The artists are fundamental to the camp developing an art program that is "serious, interesting and challenging" said the camp’s interim director, Yardena Spector.

The foundation deemed the effort worthy of a $10,000 grant.

The project is part of "a new tradition," said Spector, an Israeli shlichah, or emissary. Campers used to clamor "to take stuff home," but now the camp is encouraging them to "put things back" into the camp structure.

Last session, the art chug made an outdoor sculpture — a 10-foot yellow "monster," that stands outside the new dining hall — a project they directed from sketching the preliminary design to painting the final polka dots on the beast’s back.

The improvements in the art program have impressed the campers and helped to undergird the Zionist youth movement’s emphasis on peer leadership.

"The kids have more say in what they do," said Sara Penchinar, 19, a two-year veteran counselor. "They make all the decisions. It’s like they run it almost. Last session they were so excited about the monster."

Creating excitement, of course, is the key to successful youth programming.

At Surprise Lake Camp, which is one of 23 camps affiliated with the Jewish Community Centers Association and supported by UJA Federation of New York, the challenge was to stimulate interest in Jewish activity.

Most of its 500 campers are what the director calls "the prototypical continuity target" — children from interfaith families or homes with minimal active Jewish connection.

There is no formal Jewish instruction, said Jordan Dale in an interview at the idyllic site an hour’s drive north of New York City.

"Our philosophy is if they have a good time, they’ll have a positive association" with Judaism.

"We’re looking to turn them on to who they are."

With almost 14 summers under his belt, Dale has infused the camp with Jewish programming with the help of two Jewish resource specialists.

Former campers say there is more Jewish singing in the dining halls, more Hebrew terminology and more ruach, Hebrew for spirit.

There are also weekly limud, or learning sessions, on Saturday afternoons, when campers discuss contemporary issues from a Jewish perspective, and Teva programs, in which campers explore Judaism’s connection to nature.
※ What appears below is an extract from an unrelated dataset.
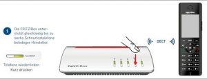• Nutzen Sie ein FRITZ!Fon, dann drücken Sie die „Connect/WPS“-Taste der FRITZ!Box. Die LEDs „WLAN“, „DECT“ und „Connect“ blinken und das FRITZ!Fon wird sofort angemeldet.
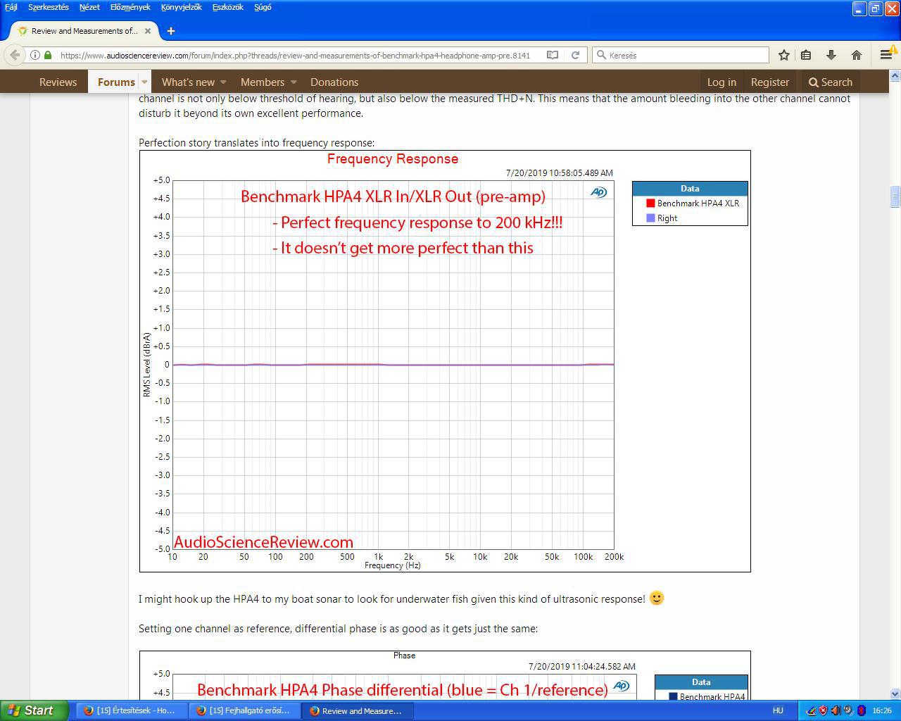 De az alacsony torzítású Benchmark tényleg nem lehet rossz. Ha meg színezni kell, akkor meg nem ez a tuti választás. Ha már színezés, akkor egy kis részlet a zenei matekból: Tehát arra akartam célozni, hogy vannak kellemes együtthangzó frekvenciák. Nagyon lecsupaszítva legyen egy "C dúr". Ez egy egyszerű akkord. Egy hármashangzat, ami három hangból áll. Van egy alaphang ez "C", vagy iskolában tanultak szerint a "dó". Van még egy "E"(mi), meg egy "G"(szó) hang is. Ezek együtt alkotják a C dúrt. Na jobban nem is megyek bele, hanem nézzük a matematikáját. A kiegyenlített skála szerint a 12 félhangból álló oktáv hangközei egymáshoz képest kettőnek a tizenkettedik gyöke távolságban vannak egymástól, tehát bármely két szomszédos félhang hányadosa ugyanannyi. Csak hogy ez nem szól szépen, ezért kissé megváltoztatták a hangok frekvenciáit, hogy azok interferenciái lehetőleg egy másik hang egész számú többszöröse legyen. A példaként említett "C dúr" első két hangjának frekvenciája 264 Hz (C), valamint 330 Hz (E). Ennek a két hangnak a különbsége 66 Hz. Ennek hatszorosa az 396 Hz, ami éppen a harmadik hang az akkordban. Ez a három hang (de a legtöbb akkord is hasonlóan) hiába szenved torzítást zenei marad, mert a keverési termékek is beleillenek a képbe. Egy szál gitár, vagy egy darab zongora hangját nem rontja el. Legfeljebb a páros vagy páratlan harmonikusok arányától függően változik a hangszín, ami többlet magas hangként jelentkezhet, annak ellenére hogy lineáris az átvitel. Még folytatom, csak el kell mennem.

But "we’ve always had problems in the past — how can one person run an oneg" or Friday evening Sabbath reception "for 250 people?" Dale said.

This year, a grant from the Jewish camping foundation helped him recruit eight additional counselors with Jewish educational and professional experience to work primarily on improving Jewish content.

Sean Zam, a former camper and camp counselor who is entering his sophomore year at Penn State, was considering a professional internship to propel his business career.

Instead, he was convinced to return to Surprise Lake by the salary bonuses Jewish program staff receive — up to $500 over the base salaries that run between $1,200 and $1,900, depending on experience.

Money aside, Zam is committed to turning up the Jewish volume of camp. He leads the more traditional prayer service on Shabbat and tutors kids for their bar and bat mitzvahs — some of which take place at the camp.

But he thinks what the kids will remember most is having fun.

Lately he’s been "fooling kids" by reading them Torah portions as bedtime stories — they think it’s "cool" — and having the campers count off in Hebrew.

He takes some ribbing form his fellow counselors for being "the Jewish kid," but, he said, "I think it’s rubbing off on them."